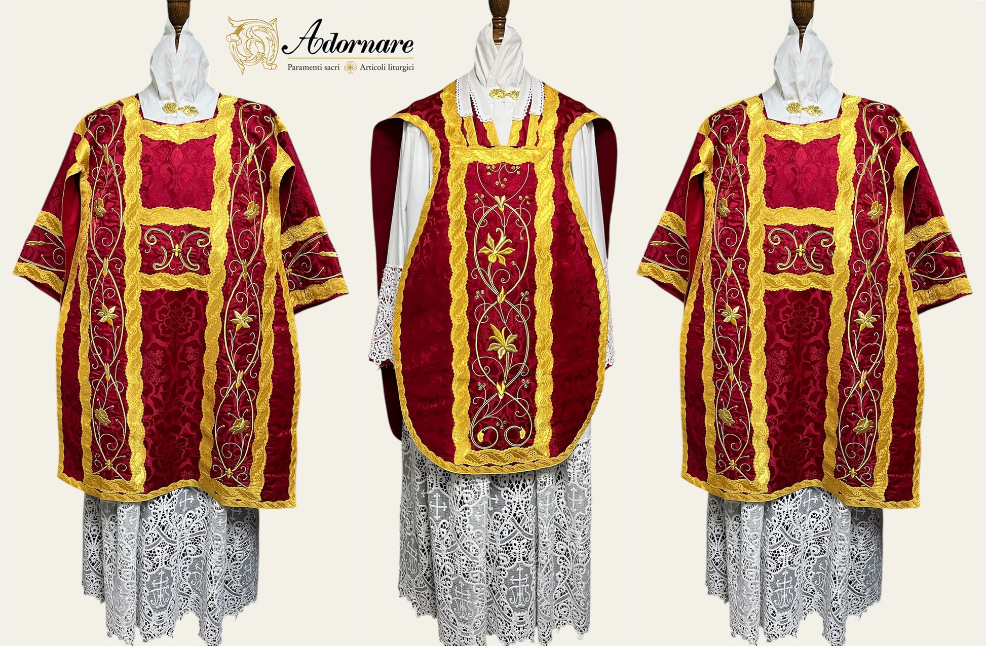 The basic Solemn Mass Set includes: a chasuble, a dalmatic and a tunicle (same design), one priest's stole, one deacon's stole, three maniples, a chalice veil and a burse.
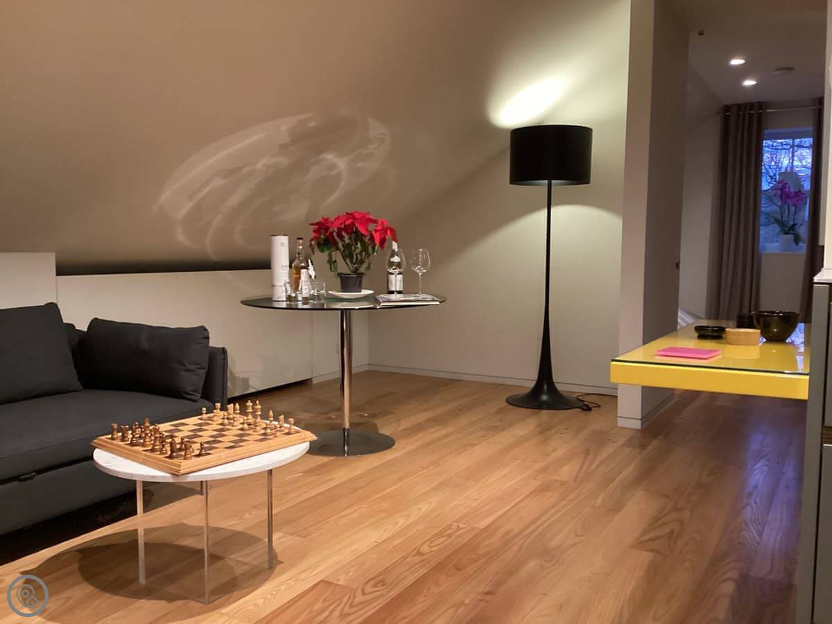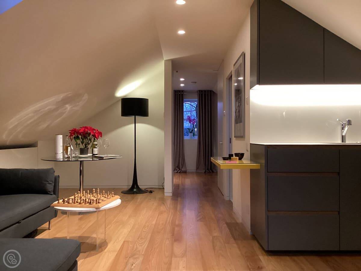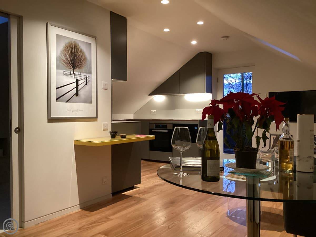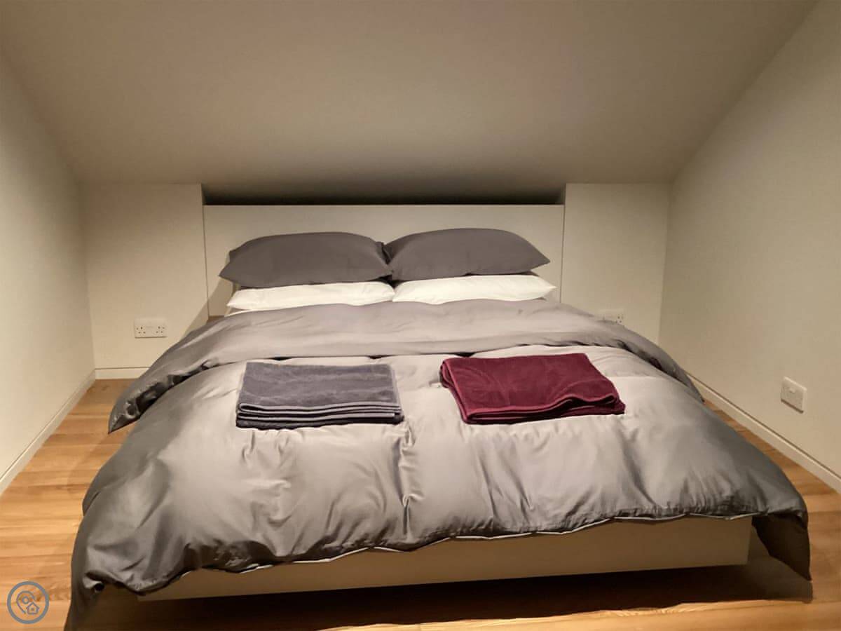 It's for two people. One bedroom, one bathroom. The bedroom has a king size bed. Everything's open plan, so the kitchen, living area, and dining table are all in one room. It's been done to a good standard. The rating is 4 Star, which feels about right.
---*---
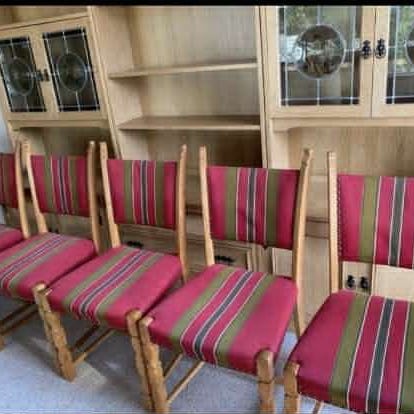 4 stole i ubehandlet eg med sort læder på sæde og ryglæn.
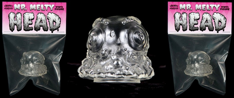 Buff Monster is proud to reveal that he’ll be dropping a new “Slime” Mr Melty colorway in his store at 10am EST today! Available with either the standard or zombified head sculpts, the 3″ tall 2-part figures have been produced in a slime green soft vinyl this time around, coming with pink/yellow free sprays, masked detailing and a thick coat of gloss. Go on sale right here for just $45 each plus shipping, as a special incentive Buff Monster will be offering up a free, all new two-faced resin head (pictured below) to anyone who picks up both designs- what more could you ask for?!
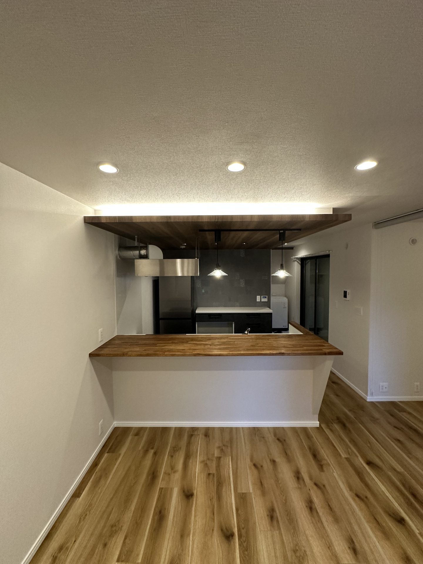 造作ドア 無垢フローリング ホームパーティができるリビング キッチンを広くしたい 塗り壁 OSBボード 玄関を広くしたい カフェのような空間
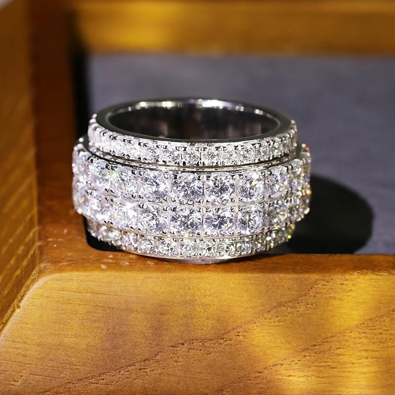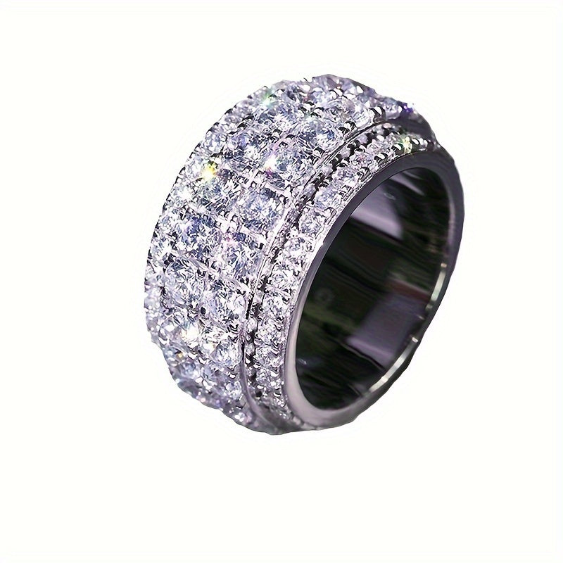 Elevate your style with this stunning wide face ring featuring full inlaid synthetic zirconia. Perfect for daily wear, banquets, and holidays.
---*---
Activity:
Write out the lines above from the one with "The basic Solemn" through the one with "It's for two", ends included, exactly; no picture goes in.

Answer section:
 The basic Solemn Mass Set includes: a chasuble, a dalmatic and a tunicle (same design), one priest's stole, one deacon's stole, three maniples, a chalice veil and a burse.
 It's for two people. One bedroom, one bathroom. The bedroom has a king size bed. Everything's open plan, so the kitchen, living area, and dining table are all in one room. It's been done to a good standard. The rating is 4 Star, which feels about right.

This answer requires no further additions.